- Все, отец! Не мешай работать. Я не враг тебе. Конец связи! - сказал он в трубку и нажал рычажок.

- Если снова позвонит, скажи, что я на стоянке, - отнесся к Нине.

Предстояла тягомотина расследования неприятности, которая могла бы закончиться и ТАПом, - собирания доказательств невиновности вверенной ему службы (даже если виноват по уши) и споров с представителями заинтересованных организаций. Но мюнхенский случай (он это задом чувствовал) всецело лежал на совести технического состава. Откинувшись на спинку кресла, он задумался, как бы половчее спихнуть неприятность на летный состав или отдел перевозок.

- Дикари голубоглазые! - выругал он вслух ИАС (инженерно-авиационную службу, то есть своих подчиненных).

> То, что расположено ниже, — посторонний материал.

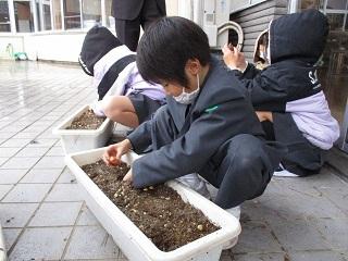 1,2年生は、午後からチューリップの球根を植えました。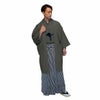 セミフォーマルに着られる 袴付きの男着物11点フルセット 洗える着物 ちりめん 濃グレー M~LL(春・秋・冬)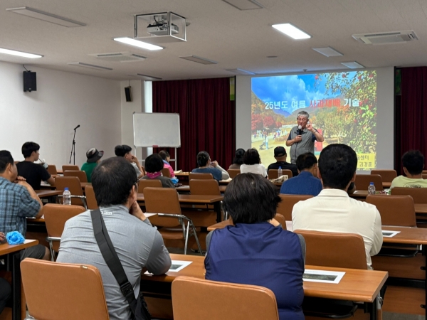 이번 교육은 노동력 절감, 품질 향상, 스마트 과원 기반 조성을 위한 대표 수형 기술 세 가지를 중심으로 진행됐으며 현장 적용 사례를 통해 농가의 이해도와 참여도를 높였다.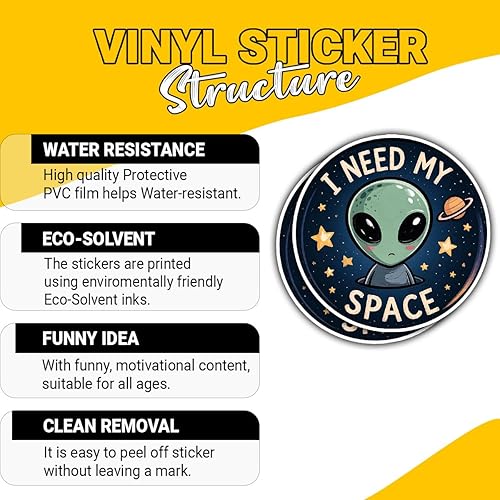 (3 Pcs) Alien I Need My Space Sticker – Funny Alien Quote Vinyl Decal Waterproof for Laptop, Water Bottle, Tumbler, Car – Gift for Alien Fans, Humor Lovers – 3 Inch. Search us: Alien I Need My Space Sticker; Funny Alien Quote Sticker; Alien Humor Vinyl Decal; I Need My Space Alien Sticker; Alien Quote Vinyl Decal; Funny Alien Meme Sticker for Water Bottle; I Need My Space Quote Sticker; Alien Meme for Tumbler; Alien Sticker for Laptop; I Need My Space Vinyl Decal for Car; Funny Alien Sticker for Friends; Alien Quote Sticker for Water Bottle; Alien Humor Sticker for Tumbler; I Need My Space Sticker for Car; Alien Sticker for Laptop

- Вызови инженера, который выпускал борт на Мюнхен, - попросил он Нину.

- Слушаюсь!

"А ведь могла произойти полная разгерметизация кабины, и тогда... тогда... сотня гробов... Как можно работать с этими людьми? Как? - пустил он вопрос в пространство. - Может, умолчать о том, как произошло это загадочное событие, и перевести его в "висяк"? Но тогда пошатнется репутация "разгадывателя шарад", "Шерлока Холмса"".

Нет, не мог он сохранить в тайне причину АПа: репутация "Шерлока Холмса" была для него выше чести мундира вверенной ему службы.

Николай Иваныч не обладал выдающимися статями отца, то есть не получил бы награды "за красоту телосложения", - такие соревнования проводились в героические тридцатые, и, конечно, не мог бы поднять платформу с роялем и пианисткой. Он не сумел продвинуться в спорте даже в молодости: занялся было спортивной гимнастикой, да так увлекся, что завалил сессию; сунулся в аэроклуб - не прошел летную комиссию: шумы в сердце; совершил три прыжка с парашютом - не страшно. Бросил. И вообще, спорт, утратив общественное значение, превратился в личное дело каждого, и спортсмены, перестав быть народными героями, перетекли в телохранительные органы новых героев, которые свою деятельность не предавали оглашению.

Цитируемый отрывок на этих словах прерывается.